Callsign: Deep Blue (Tom Duncan) (Chess Team, #7)

Beck led the way and Carrack was right behind her with his backpack and hers, while she wore the flamethrower. They moved into the station and up onto the platform, stepping between the bones and tattered remains of black BDU clothing. Carrack didn’t see much of anything that looked like flesh anywhere. Beck took off the fuel tank backpack for the flamethrower and laid it down carefully on the platform floor. They couldn’t take it any further for fear of possibly igniting the gas fumes from the cavern below this section of the base. Carrack tossed her the backpack he’d been carrying for her, and she donned it before pulling out her own LED Flash Bang grenades—one for each hand.

Now Carrack led the way down the corridor toward the stairs that would take them up toward the supply closet with the access tunnel to the cavern. He ruminated on the absurdity of needing first to go up four floors to the level with the barracks room before they would then need to descend the same distance within the cavern, but this approach worked best for their plan. After no sign of the Gen Y men or any more salamanders for a while, Carrack was becoming curious. When he and Beck arrived at the top level of the Labs section and made their way to the open door to the supply closet and the gaping hole in the floor that was the entrance to the cavern, he spotted something. On the floor, not too far from the hole, was a combat boot. Easily size 15, and unfortunately, its resident foot was still at home inside it.

Carrack tilted it until it was standing upright and aimed the beam of his Wagan spot directly inside the still tightly tied boot.

“Charming,” Beck whispered. She was buckling the straps on her harness. “Ready for this shit?”

Carrack turned the beam of the light upward so she’d be able to see his face and he could see hers. “Why not?”

Beck smiled back at Carrack and then turned to the opening in the floor of the closet. She donned her facemask so she’d have a proper air supply inside the cavern. Carrack put his on at the same time. Beck then held one of her LED Flash Bang grenades over the hole.

“Three seconds,” she said. “On my mark.” She depressed the triggering button and dropped the device into the hole. “Three…two…one.”

On ‘one,’ Carrack tightly squeezed his eyes shut and turned his head away from the hole. The advanced electronic LED grenade was still bright enough for him to sense the burst of bright light, even through his closed eyelids. The sounds of squeals came up at them from below.

“That woke them up,” Beck said, then she cracked and dropped several bright orange chemical glowsticks. She turned to face him and smiled before she jumped in the hole. Pointing his Wagan spot down after Beck, Carrack followed her a few seconds later. Once he cleared the hole, he counted ‘one-Mississippi’ and deployed his chute. Beck had already deployed hers below him. The fall to the cavern floor was almost a mile below the supply closet floor—or 1600 meters—plenty of space in which to perform a successful BASE jump. Carrack blasted the Wagan spot around the cavern as he saw the walls shift in the gloom around him. Now it was his turn to let loose with an LED burst.

“Three seconds,” he called out to Beck, as she had done for him.

“Roger that.”

“Three…two…one,” he held the reusable, electronic-light bursting device behind his back and squeezed his eyes shut as it burst like a billion blinding suns.
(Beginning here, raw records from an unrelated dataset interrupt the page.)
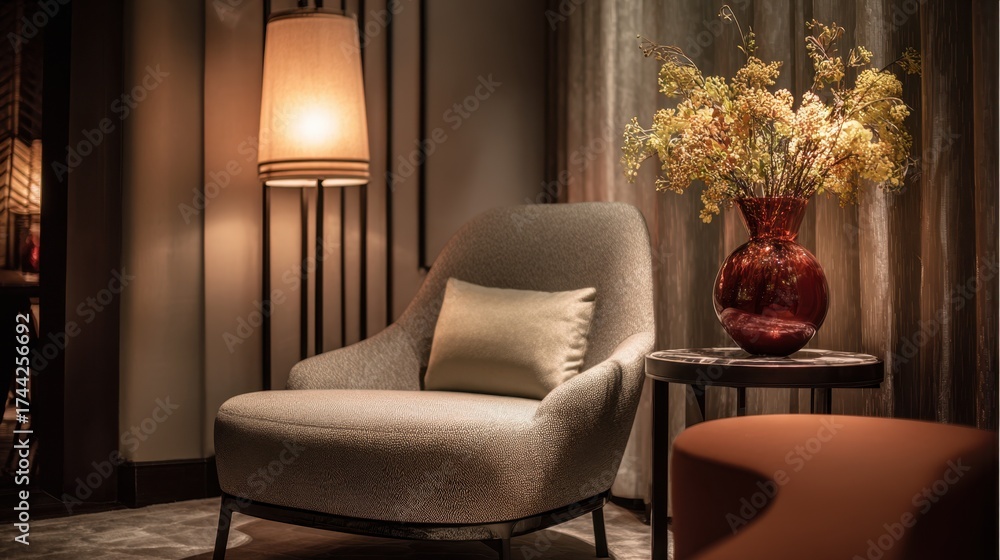 WEBLUX obraz na plátně 1D, 3D, 4D, 5D - Private VIP lounge space featuring a comfortable chair and soft lighting with surrounding lounge elements softly blurred for a refined atmosphere.
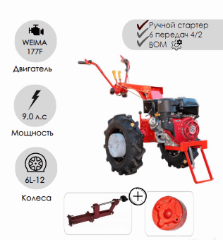 Удельный расход топлива, г/(кВт/ч) 0,395 Двигатель WEIMA 177F Номинальная мощность двигателя. кВт/л.сил 6,6/9,0 Тип топлива Бензин Объем топливного бака, л 6.5 Вал отбора мощности Да Понижающая передача Нет Дифференциал Да Трансмиссия МТЗ Аналоги навески МТЗ Система пуска двигателя Ручной стартер Частота вращения коленвала, об/мин 3600 Число передач 4/2 Скорость движения транспортная, км/ч 12 Агротехнический просвет, не менее, мм 295 Колея, мм 450-700 Тип коробки передач Механическая, ступенчатая, с постоянным зацеплением шестерен Размер колес, дюйм 6L-12 по ГОСТ 7463 (допускается замена на шины других марок Тип редуктора Шестеренчатый Тип муфты сцепления Многодисковая, постояннозамкнутая, работающая в масляной ванне с ручным управлением Высота, мм 1070 Гарантия, мес. Для Республики Беларусь -36 мес, для Российской Федерации-12 мес Страна-производитель РБ Импортер ООО "Белагро Бел", 220047, Республика Беларусь, г.Минск, ул.Илимская, 58, к.1 Длина, мм 1780 Ширина, мм 846 Вес, кг. 176 -
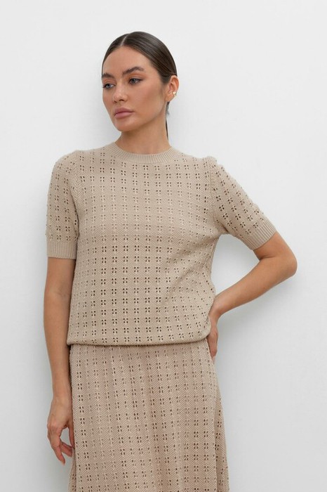 Укороченная вязаная ажурная футболка. Манжеты и пояс, связаные ластиком придают изделию небольшой объем. Состав 50% хлопок, 50% акрил. Благодаря акрилу в составе изделие не пилингуется.
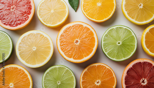 Obraz premium Colorful citrus fruit slices arranged on a light background
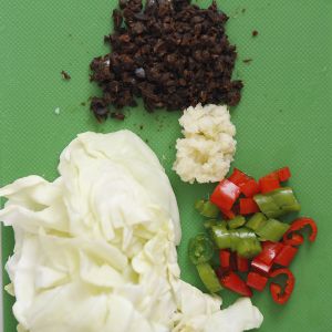 豆豉切碎,包菜叶撕成小片,红绿辣椒去籽切丁,蒜瓣拍碎切成泥
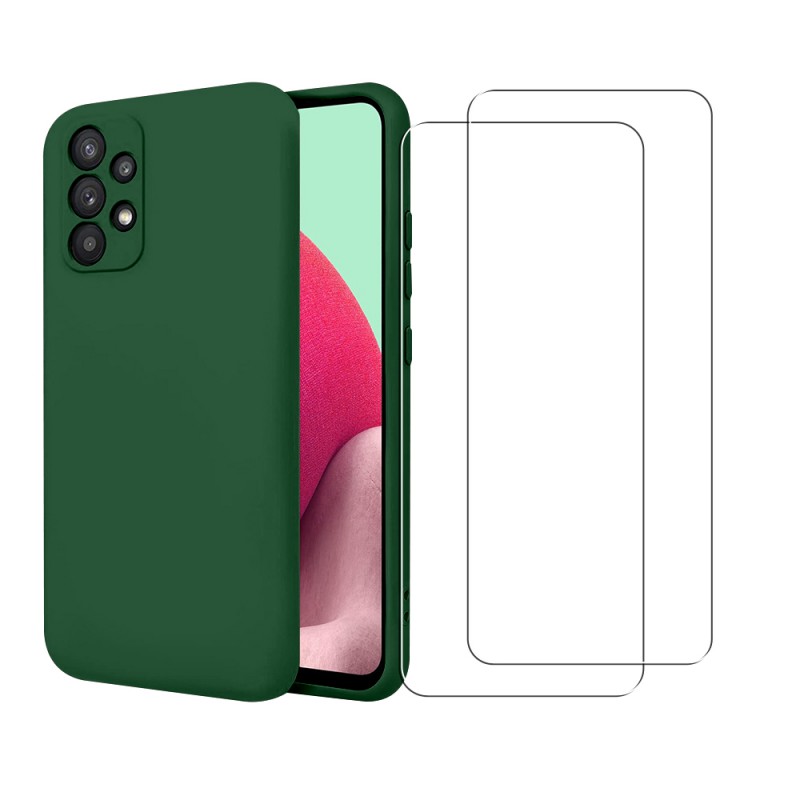 • Coque Samsung Galaxy A32 Silicone liquide Verte + 2 Vitres en Verre trempé Protection écran Antichocs
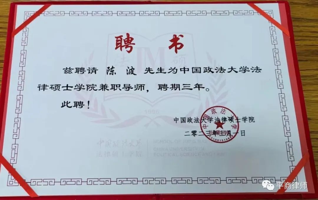 北京平商律师事务所主任陈波律师续聘为中国政法大学法律硕士学院兼职导师,聘期三年,自2023年3月至2026年3月。
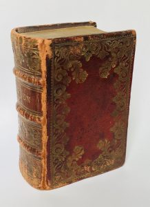 maroquin rouge, filet et large dentelle dorés encadrant les plats, dos à nerfs orné, tranches dorées (reliure allemande ou espagnole du XVIIIe s.). 708 + [II] pp. (table). Les derniers feuillets sont occupés par un « Calendario de las fiestas, y ayvnos, que los Hebreos celebran cada año. Desde el año 5410 [] hasta 5428 que corresponde a [] 1649 hasta 1667 » (26 pp.). Mors fendillés et frottés, feuillets légèrement roussis ; ff. 367/368 & 369/370 en déficit, mais TRÈS BEL EXEMPLAIRE DANS UNE RELIURE EN MAROQUIN À DENTELLE DU XVIIIe SIÈCLE.
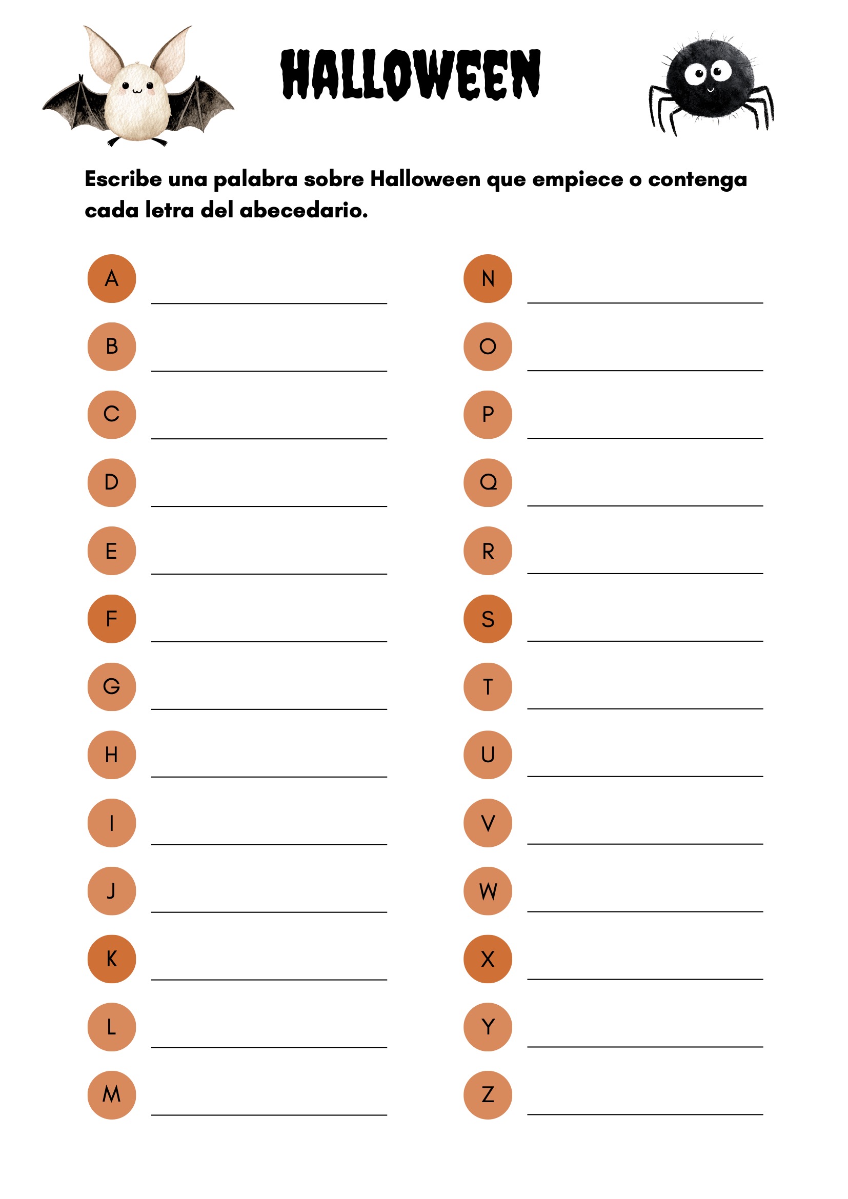 📖 Fichas de vocabulario y abecedario temático de Halloween.
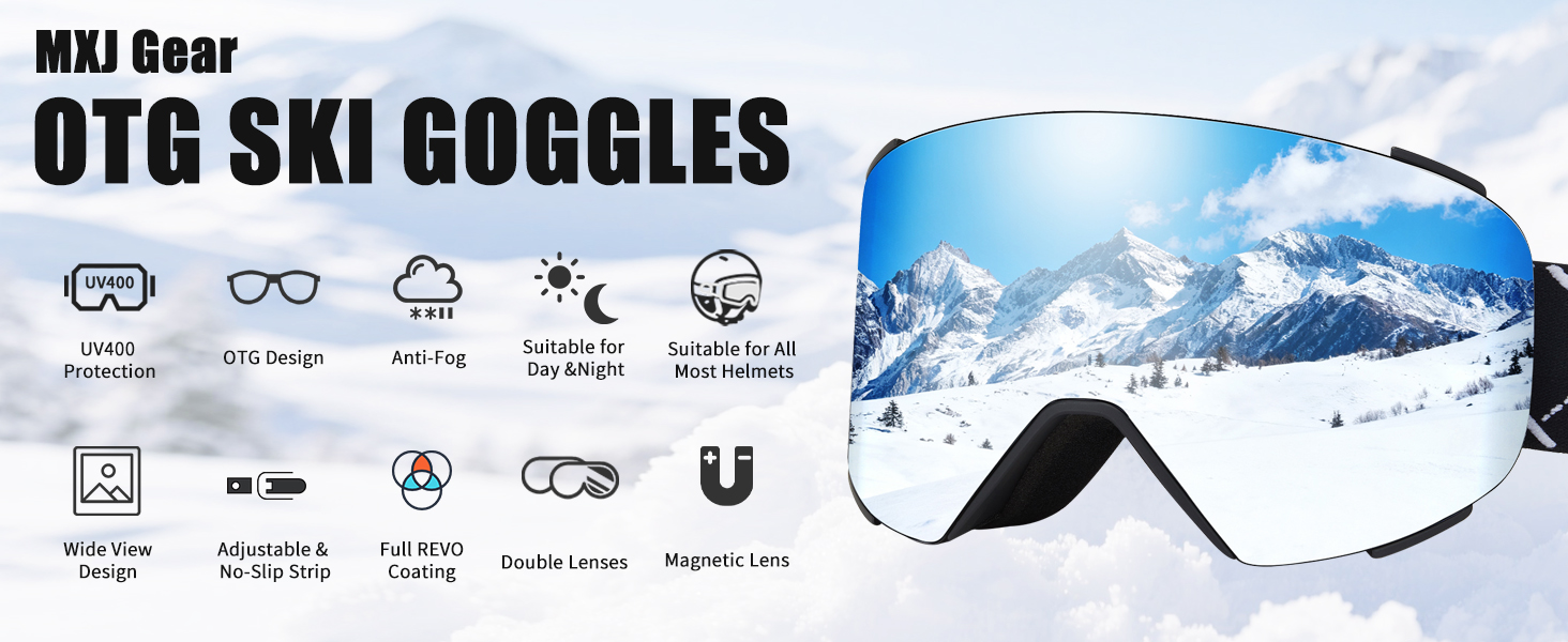 【Quick-change Lenses】MXJ Gear ski goggles feature a fast magnetic lens swap system, allowing users to change lenses quickly for day/night & different weather
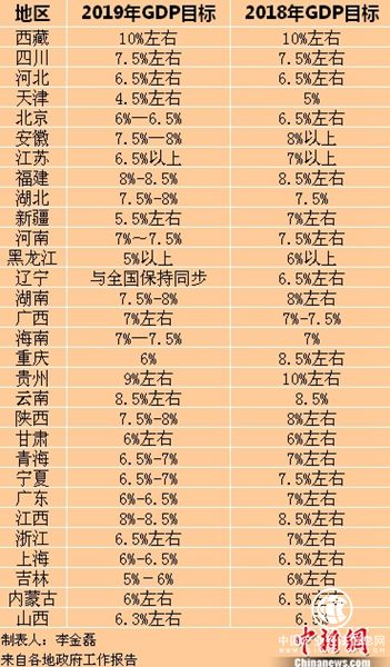如,西藏2019年GDP增速目標(biāo)為10%左右,四川2019年GDP增長(zhǎng)目標(biāo)是7.5%左右,河北2019年GDP增速目標(biāo)是6.5%左右,甘肅2019年GDP增長(zhǎng)目標(biāo)是6%左右,均與其2018年增長(zhǎng)目標(biāo)持平。
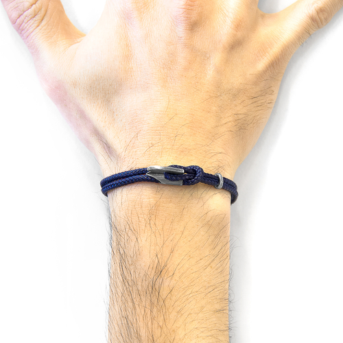 The Navy Blue Padstow Silver and Rope Bracelet was both designed and skilfully handcrafted completely in Great Britain. Combining British craft manufacturing with a discerning modern-minimalist style, this ANCHOR & CREW bracelet features:
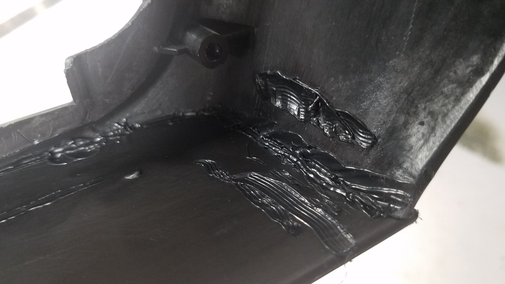 I just used the tip of the iron, with the heat all the way up, and ran it along the seam to "tack" it in a few places, and get the cover plate to fit tightly along the new shortened console. Happy with the fit, and ran the iron along the whole joint from the inside of the console. Most of the marks are from the other parts of the iron rubbing against the plastic.
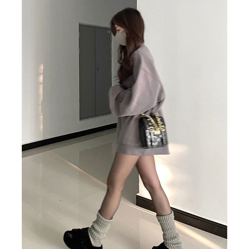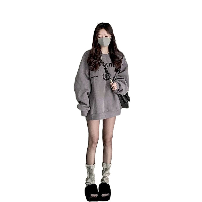 American Style Retro Cement Grey Sweater Women's Winter fleece-lined Thickened Loose Couple's Round Neck Top Men's Jacket
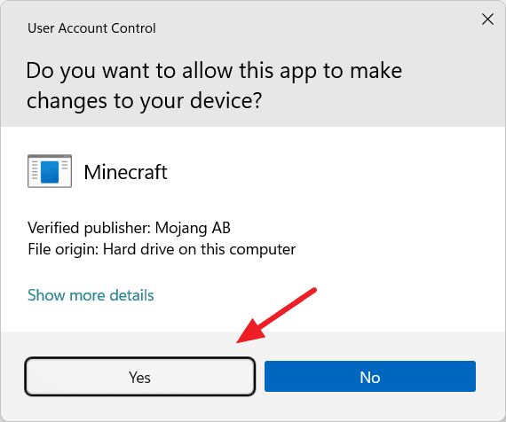 - If prompted by User Account Control, click Yes to allow the installation.
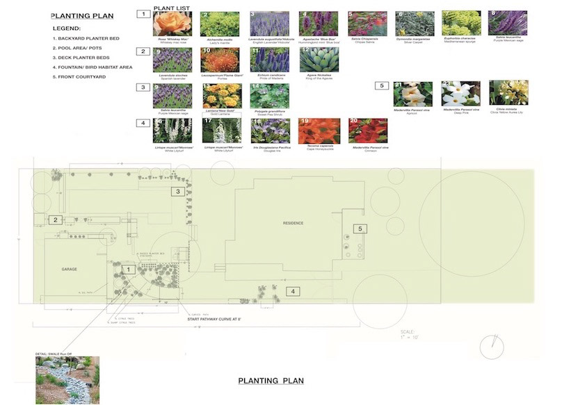 Renovation of a Spanish courtyard lap pool lot in Santa Monica included adding new brick pathways to allow for easier access to new garden areas surrounding the pool. A small area was carved out of the existing pathways to create a cook's potage garden, filled with kitchen herbs, sages, lavenders and scented roses. The newly laid brick pathway bordered a small bosque of lemon trees. Agaves and grasses lined a drainage swale made from Mexican black rock. The high point of the project was incorporating a bird habitat area for the owners who are active bird watching enthusiasts. A large granite bowled disappearing fountain attracts birds and provides a visual focal point from the kitchen windows. Surrounding vegetation was chosen to increase pollinators and complement the bird habitat.
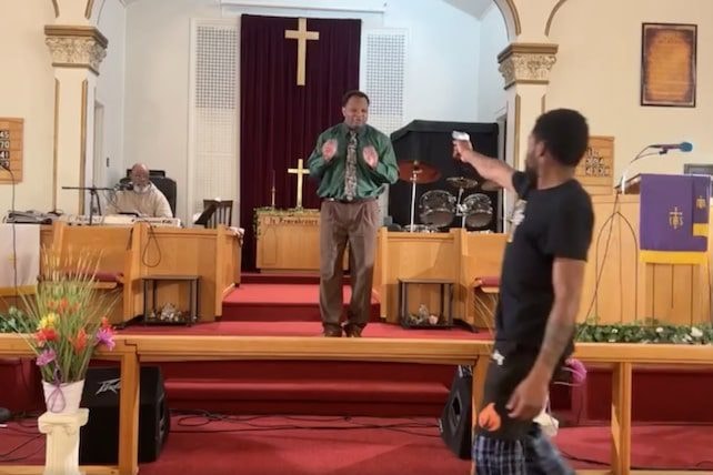 Kilisenin kamerasına yansıyan görüntülerde, saldırganın silah çektiğini gören Germany’nin hızlı kendisini kürsünün arkasına attığı, saldırganın ise Germany’e doğru yöneldiği görüldü. Daha sonra McCallister, saldırgana arkadan yaklaşarak etkisiz hale getirdi.
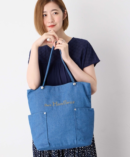 《ブランドロゴ刺しゅうがアクセントになるデニムバッグ》中身をたっぷりと収納できるサイズ感になっており、使い勝手の良さが魅力。サイドポケットや内側のファスナーポケットで小物類の整理も可能です。開口部には中身見えを防ぐファスナーが付いているので、安心して持ち運ぶことができます。カジュアルはもちろん、きれいめなコーディネートのアクセント使いにも活躍するアイテムです。【デザインポイント】・どんな柄やカラーの洋服とも合わせやすいデニムバッグです。・大きめのサイドポケットで小物をさっと出し入れできます。・肩掛けしやすい持ち手の長さにこだわりました。【機能】・幅41cm×高さ35cmでA4(横21cm×縦29.7cm)の書類やファイルをすっぽり収納していただけます。・ファスナー付きで中身を見せず、貴重品を入れても安心です。・鍵や定期入れを収納しやすい内側ファスナーポケット付き。----------商品情報----------[着用目安]春・夏・秋・冬・通年----------------------------【サイズバリエーション】・フリーサイズ【ブランド紹介】French Casualーフェミニンに生きる女性のためのリアルクローズがPetit Honfleur(プチオンフルール)。カジュアルをベースに、ほどよくトレンドを落とし込んだアイテムは大人可愛く、“映え”間違いなし!着こなしやコーディネートで旬のスタイリングを提案します。【お買い物をお得にもっと楽しんで頂くために】▼商品のお気に入り登録▼完売カラーの再入荷通知や、ラスト1点の通知、プライスダウンしたセール通知も受け取ることができます。▼ブランドのお気に入り登録▼新作や再入荷等、いち早くブランドのお得な情報を受け取ることができます!
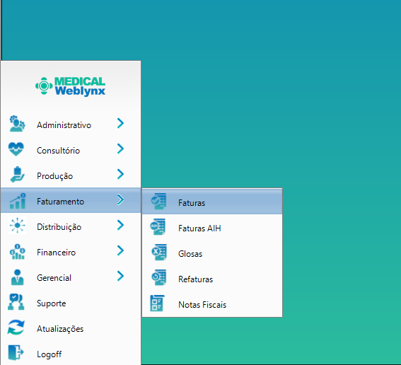 Para acessar esse recurso vá em: Iniciar do Medical-> Faturamento -> Notas Fiscais
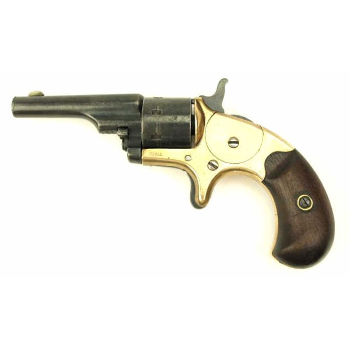 Colt Open Top .22 cal. SN 29124 7 shot revolver 2 3/8" barrel, blued finish, brass frame and walnut birds head grips. Revolver remain very good condition with old refinish, sharp barrel address, nice action with poor bore. NO FFL required.
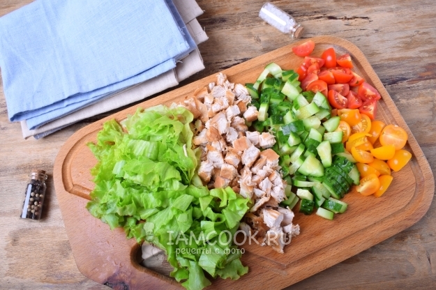 Остывшее куриное филе нарежем мелким кубиком, так же нарежем и огурец. Томаты черри разрежем на четвертинки, листья салата - тонкими полосками.

More shrieks and squeals of retreating salamanders echoed around the chamber. As the light faded, Carrack opened his eyes and swung the Wagan spotlight again, this time catching sight of several salamanders freefalling from the cavern ceiling above them.

Twenty seconds later, Beck was approaching the floor of the cavern and shouting out the repeated warning that she would be popping an LED flash. Carrack closed his eyes at the appropriate time and reopened them to discover that Beck was nearly on the ground, maybe twenty meters below him. Then he heard a thump and the lines up to his chute went slack as it collapsed, a salamander body careened off it into the darkness and Matt Carrack began to freefall.





20.



Section Dock, Former Manifold Alpha Facility, White Mountains, NH



The fighting in the dock was thick. Salamanders were on the walls and the ceiling of the massive space that acted as a dock and unloading platform for the cargo hauling decommissioned Typhoon. At over 170 meters in length, the sub’s dark and flattened hull made it look like one of the world’s longest whales. But this whale had speckled six-to-eight foot long salamanders crawling all over it.